The Risk and Insurance Management Society published its report on enterprise risk management 10 years after the financial crisis
Another financial crisis could occur if firms grow complacent about enterprise risk management (ERM), RIMS has warned.
Ten years after the global financial crisis, the New York-based professional body for risk managers has published an ERM “Wakeup Call: 10 Years After” report.
The RIMS report chronicles the diffusion and evolution of ERM in the decade since risk management failings caused the biggest economic downturn since the Great Depression.
The study includes contributions from risk managers in multiple sectors and identifies challenges for risk professionals to create and protect value and offers recommendations for integrating ERM within today’s business environment.

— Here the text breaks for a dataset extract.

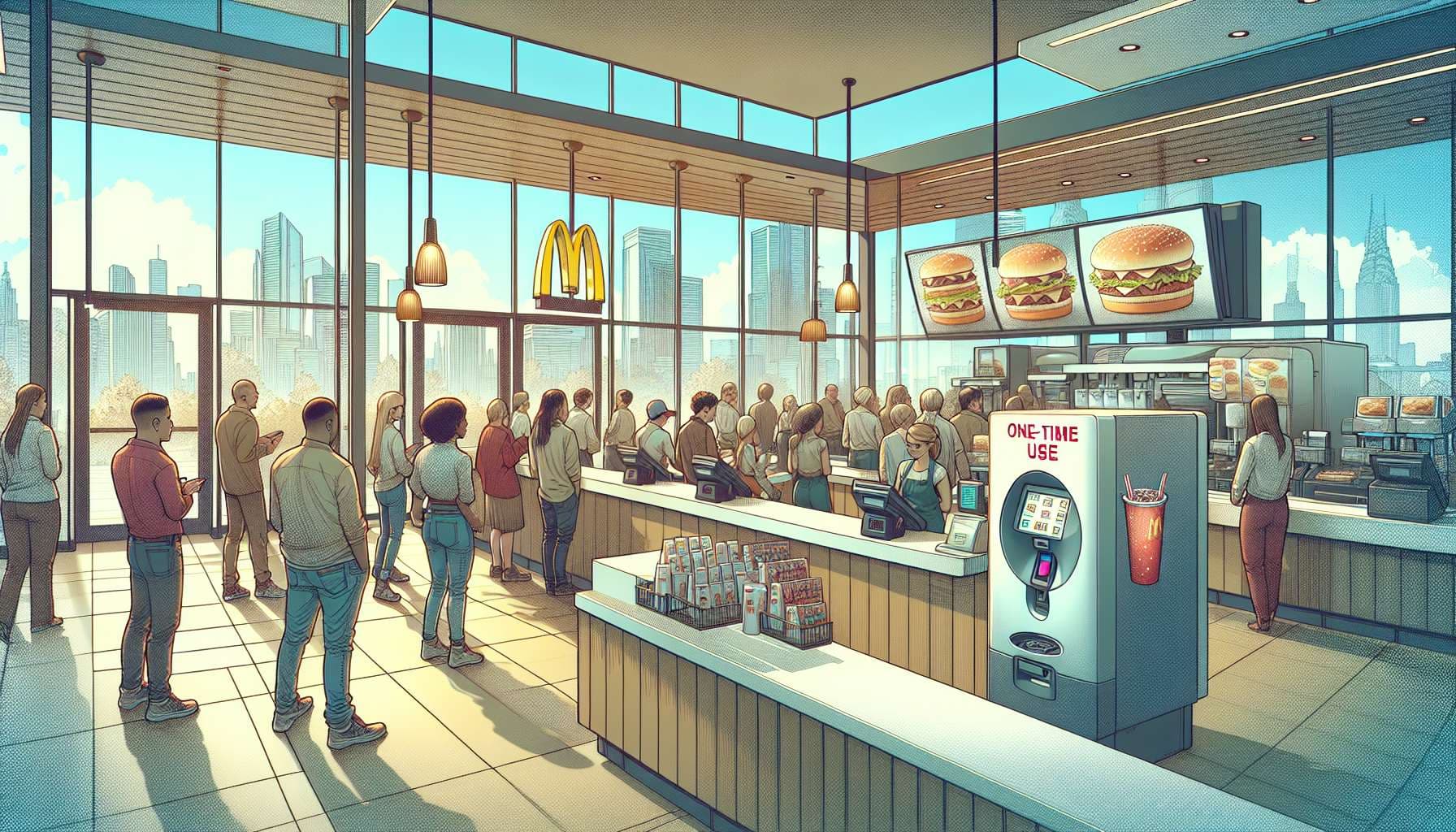Will a majority of McDonalds in the US stop offering free refill for softdrinks before the end of 2028?
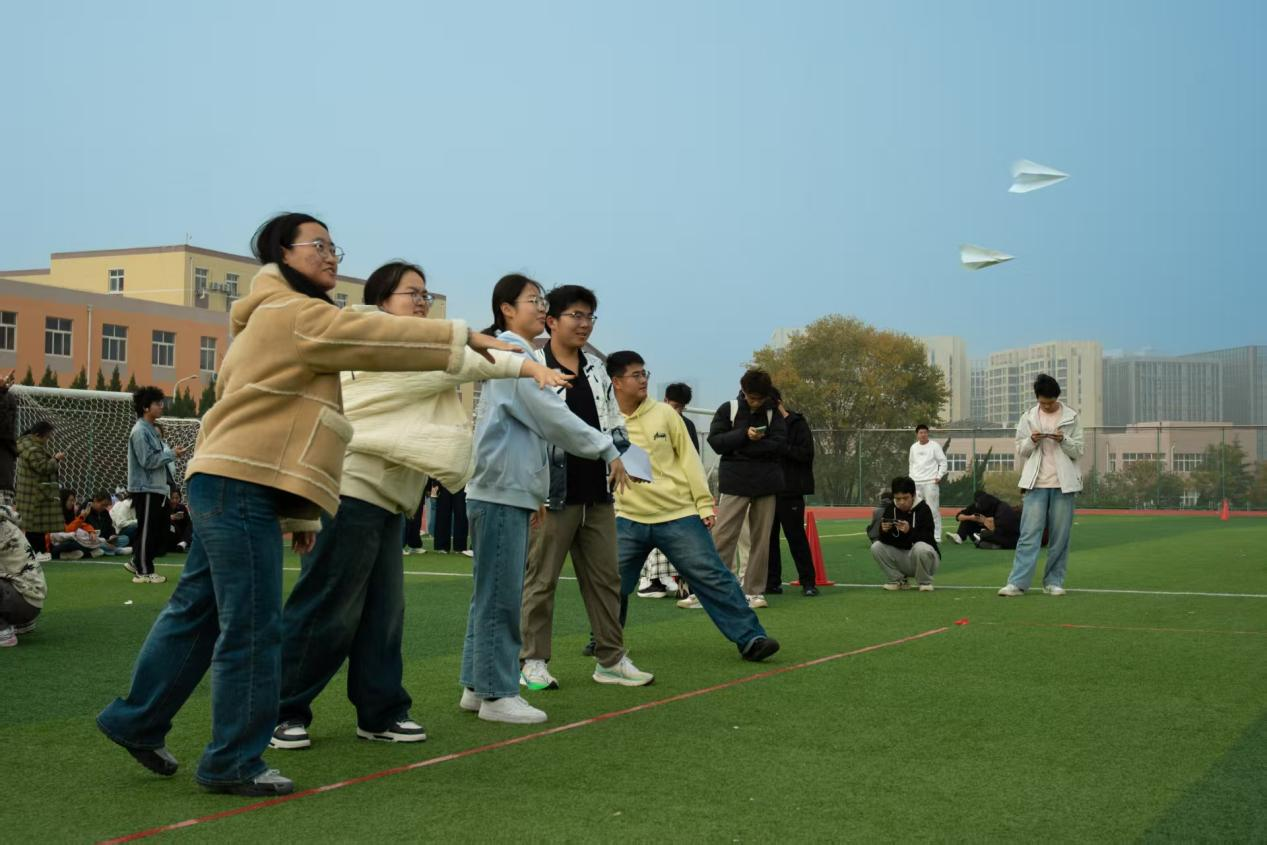 赛场上,各类趣味项目轮番上演、精彩纷呈。在纸飞机大赛中,选手们认真折叠飞机,瞄准目标奋力投掷。

Carol Fox, RIMS vice president of strategic initiatives, said: “The evidence shows that risk management has evolved from a promising but somewhat perfunctory exercise into a strategic management competency.
“Even so, given increasingly uncertain times, risk management professionals would be unwise to declare victory or become complacent,” she added.
The report also examines changes to the regulatory landscape, rating agency actions, as well as studies and literature, to better understand the risk management issues important to firms and how they relate to ERM.
Mary Roth, chief executive of RIMS, said: “As a core organisational competency, risk management has the opportunity to play a key role in successfully dealing with a broad spectrum of risks that can impact more than just the organisation, but economies, societies, environments and industries as well.”